AKP’nin NATO zirvesinde sergilediği performans, İsveç ve Finlandiya’nın üyeliği kozunu kullanması, dün “hayır” dediği şeye bugün onay vermesi, bize döneklik gibi gelse de AKP açısından oldukça normal ve hatta iyi bir şey.
Eski Türkiye’deki bir hükümet Madrid’deki NATO zirvesine katılsa hiçbir pazarlığa girmeden İsveç ve Finlandiya’nın haklı olup olmadığına bakar, kararını verirdi. AKP pragmatizminin farkı burada ortaya çıkıyor.
Bir hükümet, ülkesinin çıkarları gereği politika değişikliğine gidebilir, bugün düşman olduğuyla yarın dost olabilir. AKP’nin yaptığı ise Türkiye’nin çıkarlarından bağımsız olarak sırf kendi çıkarları doğrultusunda Türkiye’yi tehlikeye atmak pahasına bile olsa kendi politikasını uygulama cesareti ve becerisidir.
Her ne kadar anlayamasak da, eleştirsek de AKP’lilerin omurgasızlıklarını kendi çıkarları için kullanma becerilerini bir yerde takdir etmek gerek.
Erdoğan, önceki günkü 4’lü zirvedeki U dönüşüyle ve Biden ile görüşme gerçekleştirerek kendi iktidarını korumak adına çok önemli adımlar attı. İsveç ve Finlandiya’nın üyelik sürecinin 8 ay sürecek olması, AKP’nin seçimlerin hemen öncesindeki bir süreçte tekrar konuyu pazarlık malzemesi yapabileceği anlamına geliyor.
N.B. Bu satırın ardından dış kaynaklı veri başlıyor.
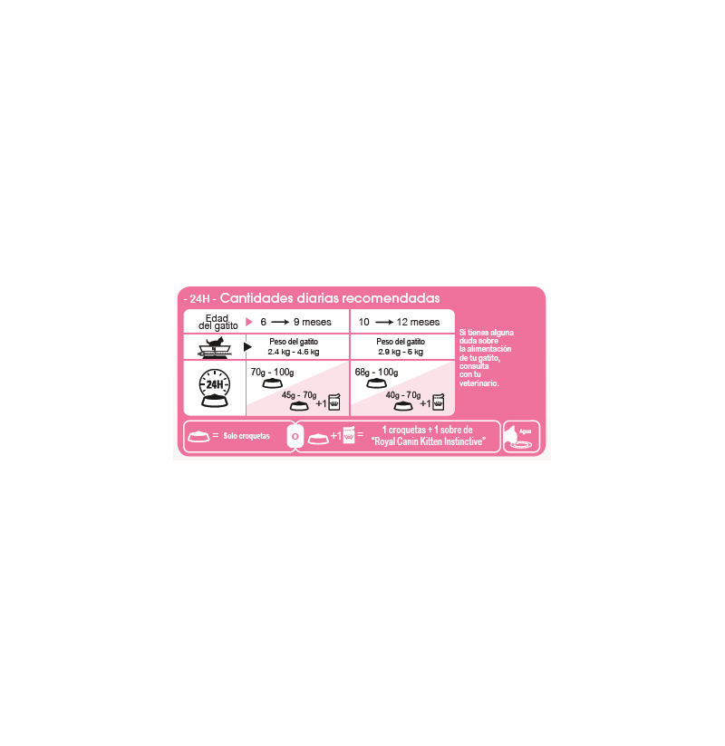 Royal Canin Kitten Sterilised está formulado especialmente para cubrir las necesidades nutricionales de los gatitos esterilizados durante la “fase de consolidación” de su crecimiento. Esta fórmula es adecuada para gatitos esterilizados de 6 a 12 meses de edad, un período de importantes cambios físicos y de comportamiento. Este alimento diseñado a medida cuenta con un contenido moderado de grasas para ayudar a reducir el riesgo de aumento de peso y, además, incluye niveles óptimos de proteínas, calcio y fósforo para un desarrollo saludable. También contiene nutrientes como vitaminas C y E, que contribuyen al desarrollo saludable del sistema inmunitario del gatito. Estos antioxidantes dietéticos han demostrado estimular un aumento más elevado y rápido de los anticuerpos tras la vacunación. También está enriquecido con un ácido graso omega-3 (DHA) para ayudar al desarrollo cerebral y promover una visión saludable. Gracias a una combinación de prebióticos beneficiosos (MOS) y proteínas de alta digestibilidad, también favorece el equilibrio saludable del microbioma (flora intestinal) y la salud digestiva. La croqueta está especialmente adaptada para la pequeña boca de tu gatito. Al masticar, se produce un efecto de cepillado que ayuda a mantener la salud dental de tu gatito. A los 12 meses de edad, tu gatito esterilizado necesitará un alimento que esté especialmente adaptado para cubrir sus necesidades nutricionales de gato adulto.

Bunun yanında önümüzdeki 8 ay AKP’nin Batı ile ilişkilerini belli bir istikrarda tutmak için önemli bir süreç. Bu süre içerisinde Rusya’nın başlattığı işgal harekatının süreceği de göz önüne alındığında AKP Rusya politikasını da serbestçe yürütebilecektir. Buradaki tek sorun, Rusya’yı baş düşman ilan eden yeni NATO konseptinin AKP’nin ayağına dolanma ihtimalidir. Ancak AKP’de bu kıvraklık varken bunu da bir şekilde aşabilirler.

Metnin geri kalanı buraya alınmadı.